苦難と幸福の人生を、その命尽きる最後の時まで

全うしてほしかった。



彼女の人生を返してやってほしい。



安否不明の彼女が、なんらかの奇跡で

助かってくれていることを祈っている。



※私は彼女の知人ではありません。

しかし、何か感情移入してしまうものがあったので

私個人の感情を含めながら書かせていただきました。

ご家族やご友人の方々が不快に思われる表現などが

ございましたら削除いたします。

その際はご一報ください。

今回、多くの人々が地震の影響でさまざまな別れを余儀なくされた。


短期的な別れ、長期的な別れ、生涯の別れ…。


それぞれの別れにそれぞれの悲しみがあることだろう。



私もまだまだ短いこの人生において様々な別れを経験してきた。

生涯の別れも少なくはない。

占いはあまり信じないのだが、その類の先生に

「あなたは別れや、喪失によって人生から何かを学ぶ人」

と言われたことがある。


それが本当だとすればあまり嬉しくはない…。


しかし、別れや喪失から何かを得るというのはすべての人に

言えることだとも思う。もちろん、それらの出来事をどのように

捉えられるかで得られるものは大きく違ってくるだろうが。


しかし、得られるものがあるとは言っても、やはり別れと言うものは

いつも悲しみをおびている。
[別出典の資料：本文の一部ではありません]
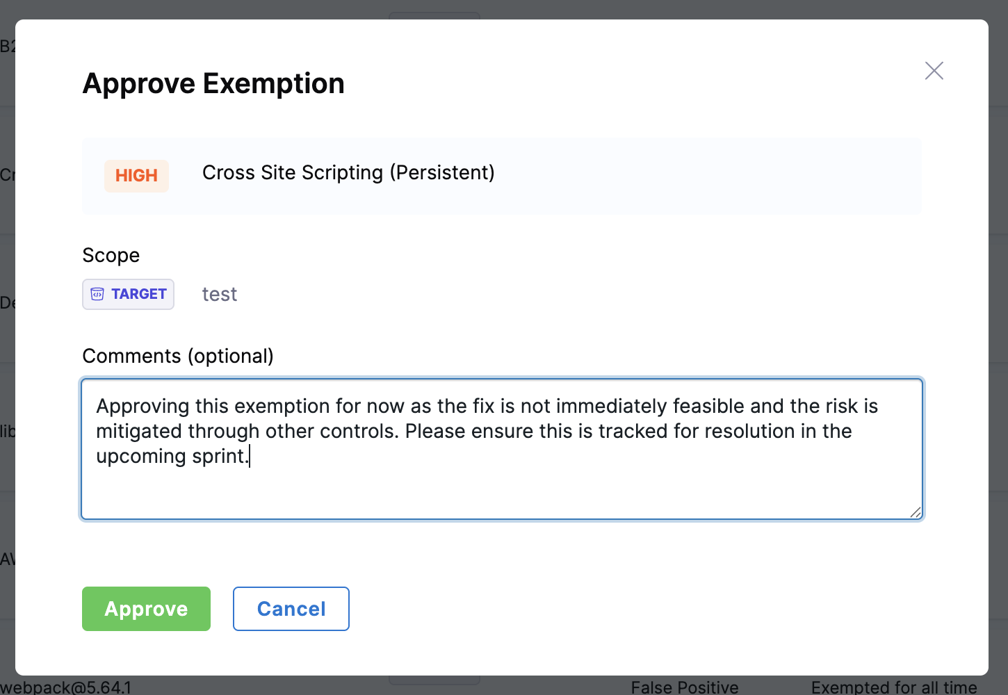 • Approve for this target – Applies the exemption only to the specific target where the issue was found.
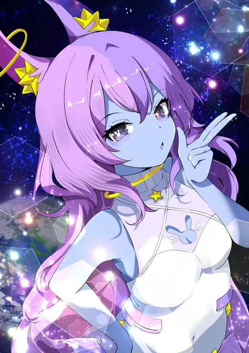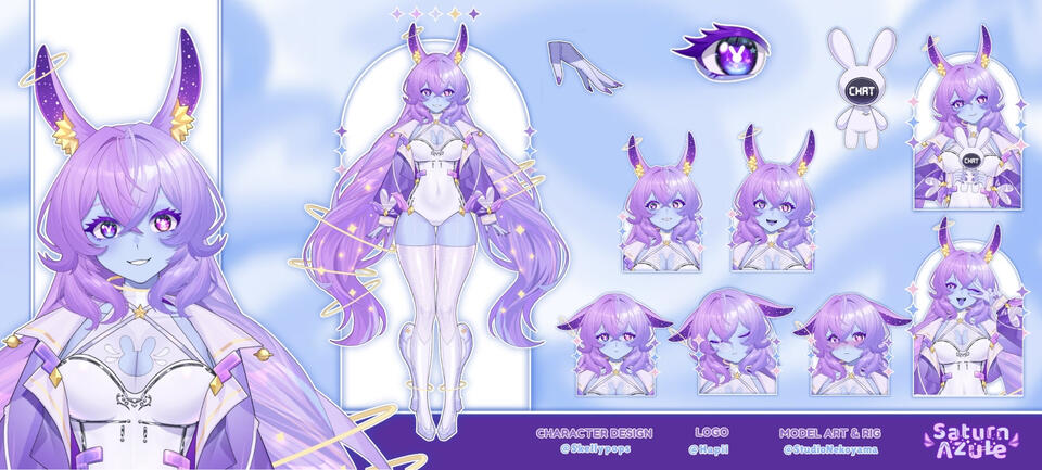 Saturn was born on a planet full of sheltered space bunnies, as the only blue bunny. Her community ostracized her, thus providing no answers to why she's blue. In her adult years, Saturn decided to sneak onto a trader's spaceship. She then landed on a foreign planet, with only pocket change from her home planet. To start her adventure, Saturn knew she needed money. Her plan with this money was to earn enough to buy a better ship. She needed to explore to farther planets to continue her research on genetic mutation.Saturn heard rumors about a way to earn money fast. Unfortunately, it was a Casino owned by Jupiter. She got consumed by the addicting fun, and went into debt. Now her boss is Jupiter, he is forcing her to earn 100,000 Astro-coins. Saturn has now turned to streaming. Not only to collect Astro-coins to pay off this debt, but to be able to continue her research!
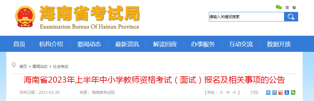 原文標(biāo)題:海南省2023年上半年中小學(xué)教師資格考試(面試)報名及相關(guān)事項的公告
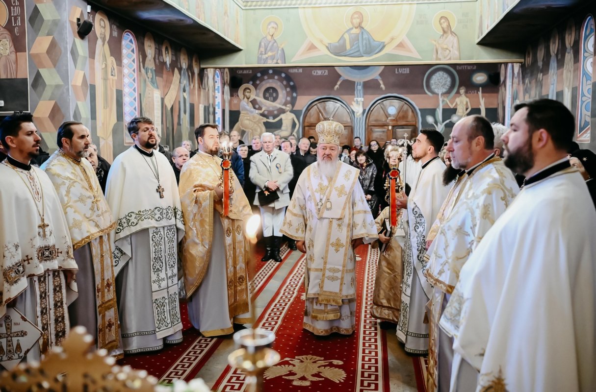 În biserica parohială, Părintele Mitropolit Andrei a săvârşit Sfânta Liturghie şi a rostit un cuvânt de învățătură, pornind de la versetele scripturistice: „Acum, liberează pe robul Tău, Stăpâne, după cuvântul Tău, în pace; că au văzut ochii mei mântuirea Ta, pe care ai pregătit-o înaintea feţei tuturor popoarelor; lumină spre descoperirea neamurilor şi slavă poporului Tău Israel” (Luca 2, 29-32). Ierarhul le-a vorbit credincioșilor prezenți despre efemeritatea vieții și despre faptul că ar trebui să tânjim după dorul de a ne întâlni cu Dumnezeu în veșnicie, asemenea Sfântului și Dreptului Simeon.

悲しみのない別れなど

存在するのだろうか?


今、私自身もある別れによってとても心を痛めている。

おそらく生涯の別れとなるだろう。その人に会えることは

もはや永久(とわ)にない。


辛い。とても辛い…。


しかし、それでも私はこう思うのだ。

この出来事にも必ず意味がある。意味に満ちている!

起きる事象全てには必ず意味がある。


人は出会い、別れ、そしてまた出会い、また別れる。

そのすべての出会いと別れには必ず意味がある。

そもそも、出会いというものは別れも含んでいる。

出会いがあるから別れがあり、別れがあるから出会いがある。


出会いという偶然。偶然という必然。

別れもまたしかり。

私はこの別れから何かを学ばなくてはならない。


まだ本音半分、強がり半分ではあるが今は次のように考えている。

「この出会いにありがとう。そしてこの別れにありがとう。」


正直今日の文章を綴っているのは、自分の気持ちの整理が

したかったからだ。見えない心を、文字という見えるものにすることに

よって、自らを落ち着かせようとしている。



最後にある人の言葉を思い出した。

その言葉でこの文章を結びたいと思う。



人は人生において

出会うべき人には必ず出会わされる。